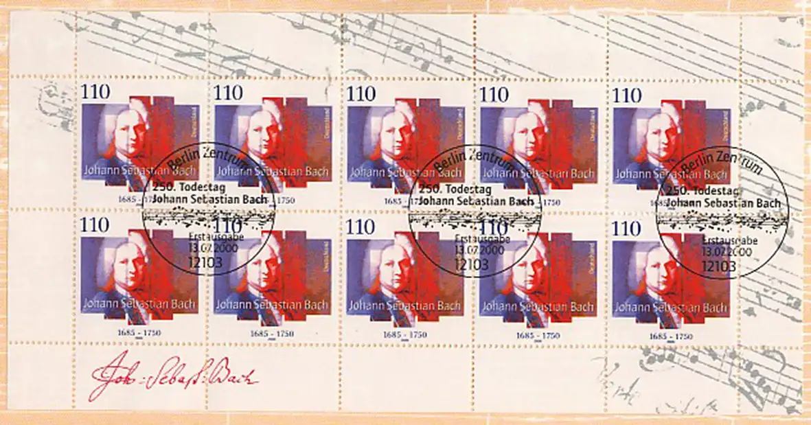 2126 Johann Sebastian Bach - 10er-Bogen auf Kartonvorlage, ESST
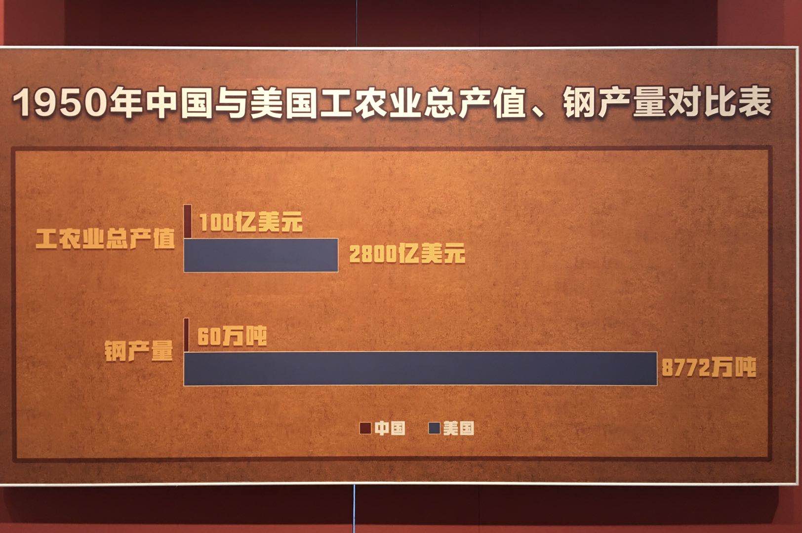 展廳里,一張對比圖,直觀展現了當時中美兩國在硬實力方面的巨大差距。
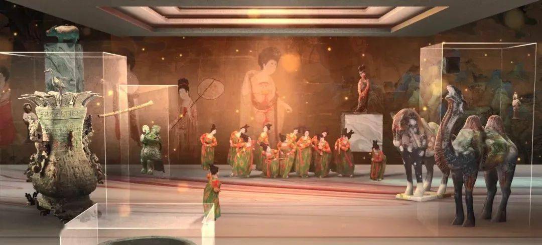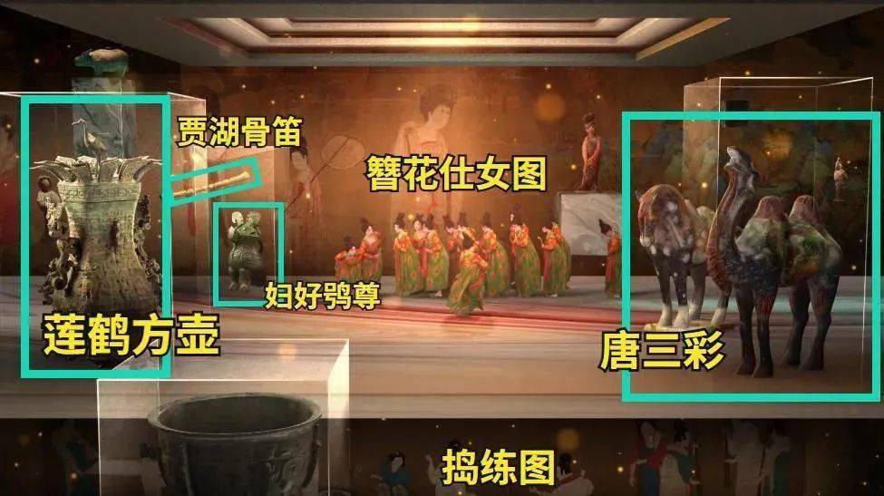 这场美仑梦幻的大唐梦境,除了再现了大唐仕女的形象,舞台上还展示了:妇好鸮尊、莲鹤方壶 、贾湖骨笛、捣练图、簪花仕女图、备骑出行图、千里江山图等国宝

----

▸ GOAL OF THE EXERCISE
Word for word, retype the lines from the one with "展廳里,一張對比圖,直觀展現了當時中美兩國在硬實力方面的巨大差距。" through the final line of the data, both included. No pictures belong in the copy.

▸ EXPECTED OUTPUT
 展廳里,一張對比圖,直觀展現了當時中美兩國在硬實力方面的巨大差距。
 这场美仑梦幻的大唐梦境,除了再现了大唐仕女的形象,舞台上还展示了:妇好鸮尊、莲鹤方壶 、贾湖骨笛、捣练图、簪花仕女图、备骑出行图、千里江山图等国宝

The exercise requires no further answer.